Piero Armenti
Vi dico subito che è un argomento su cui si può aprire un dibattito, e già solo il fatto che ci poniamo lo domanda ci fa capire che siamo dinanzi ad una crisi in cui il mondo vecchio lentamente muore, e il nuovo mondo avanza. Io la penso così: un ristoratore può sicuramente sentirsi lusingato da un articolo del New York Times, ma il ristorante te lo riempie un Tik Tok virale.
Questo è ciò che ho visto con i miei occhi. Aggiungo anche un’altra cosa: un Tik Tok virale può attivare una serie di reazioni a catena, tra cui il moltiplicarsi di altri video virali, fino a catturare l’interesse dei media tradizionali. Difficile invece l’inverso, che un articolo del New York Times possa spingere e attivare l’effetto a cascata sui social.
Chiaramente non dobbiamo ragionare per estremi, perché mass media e social media alla fine tendono comunque entrambi ad esaltare ciò che è degno di nota, e probabilmente hanno un impatto importante su pubblici diversi: più giovane quello dei social e un pubblico più maturo e cerebrale quello che legge il giornale. Ma se dovessimo ragionare in termini di egemonia gramsciana, direi che l’egemonia oramai è dei social. Sono i giornali che devono rincorrerli, adeguarsi, dialogare con il mondo social, che invece può permettersi il lusso di fregarsene di ciò che dicono i giornali.

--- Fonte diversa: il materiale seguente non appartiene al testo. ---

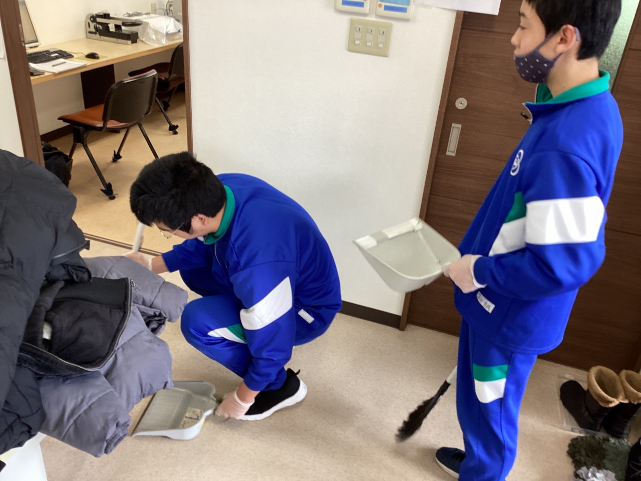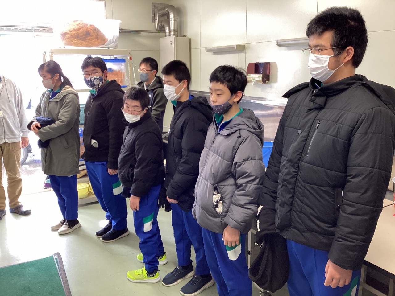 | 障害者就労支援事業所どじょっこハウスに職場見学へ行きました。施設の説明を聞き、縫製、清掃、農作業(除雪)の作業を体験しました。 |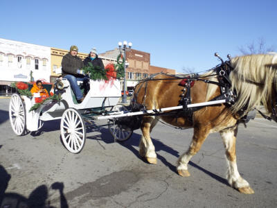 The couple manned the reins while up to six riders took the back seat for a leisurely trip around the historic Logan County Courthouse square.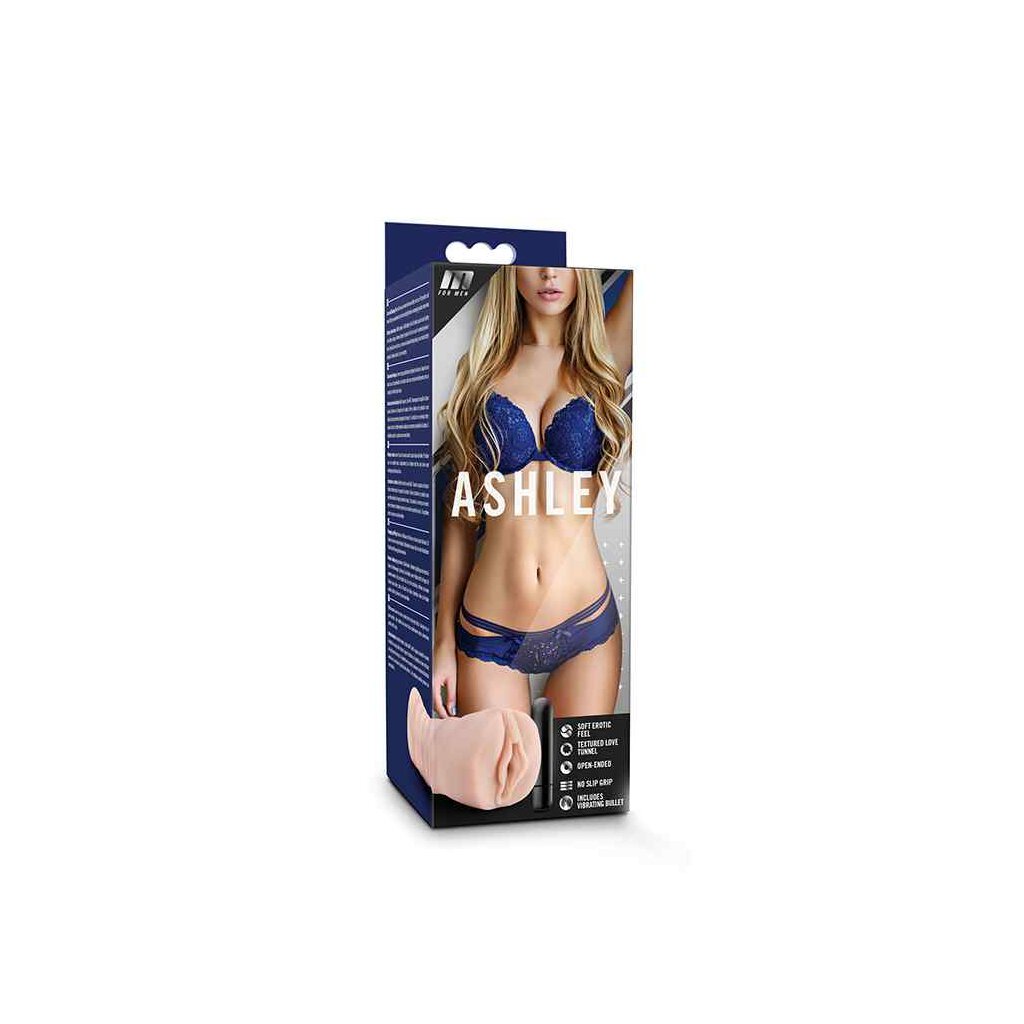 Ashley is aching to take you whenever you want her. This soft, vagina-shaped masturbator is made of lifelike X5, for the perfect balance of soft and firm. Plus, the one-speed vibrating bullet delivers even more sensation up and down your shaft. Sized for convenient one-hand stroking, Ashley is open-ended to fit all lengths and is equipped with a no-slip grip, so you control the speed and depth of your thrusts. Enjoy Ashley alone or with your partner.
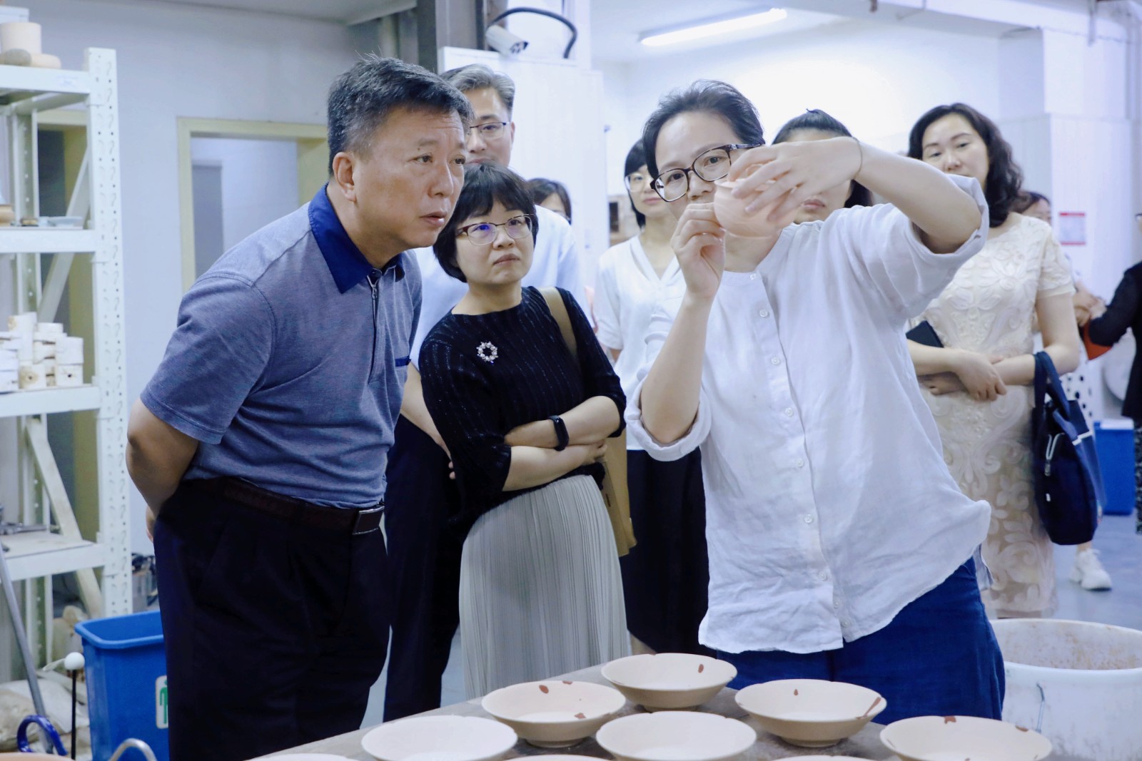 当天,陶诚一行走进浙艺课堂,观看浙江省高水平专业群舞蹈表演专业、国家“双高”专业群戏曲表演专业、戏剧表演(音乐剧表演3+4)中本一体化班等课堂教学情况,参观了青瓷烧造、文物修复、字画装裱、文物鉴定等全国非遗传承人群研修研习培训基地,在浙江实验艺术剧场观看了学校的教学汇报演出,并就有关教学及实践情况进行了交流。

Che fine fanno i critici culinari esperti? Perde la forza del loro impatto sulla società, magari sostituiti da un esercito di ventenni inesperti che ha un seguito pazzesco sui social. Certo, volendo controargomentare a favore del New York Times potremmo dire che l’impatto dei social è più volubile e fragile- oggi esaltano te, dopodomani un altro- mentre il parere di un esperto tende ad avere un impatto più solido e duraturo, ma è solo una maniera per cercare il pelo nell’uovo e nascondere la testa nella sabbia
. La verità è che il mondo della “formazione del consenso” è cambiato, gli esperti culinari di Tv, giornali e guide sono stati surclassati dall’emersione democratica di un popolo di inesperti, giovani, incompetenti nel senso dirompente e positivo della parola (cioè aperti alla meraviglia senza puzza sotto al naso), il cui parere però conta e fa tendenza. È tipo la rivoluzione francese: all’elite si sostituisce il popolo. E con questa rivoluzione bisogna fare i conti.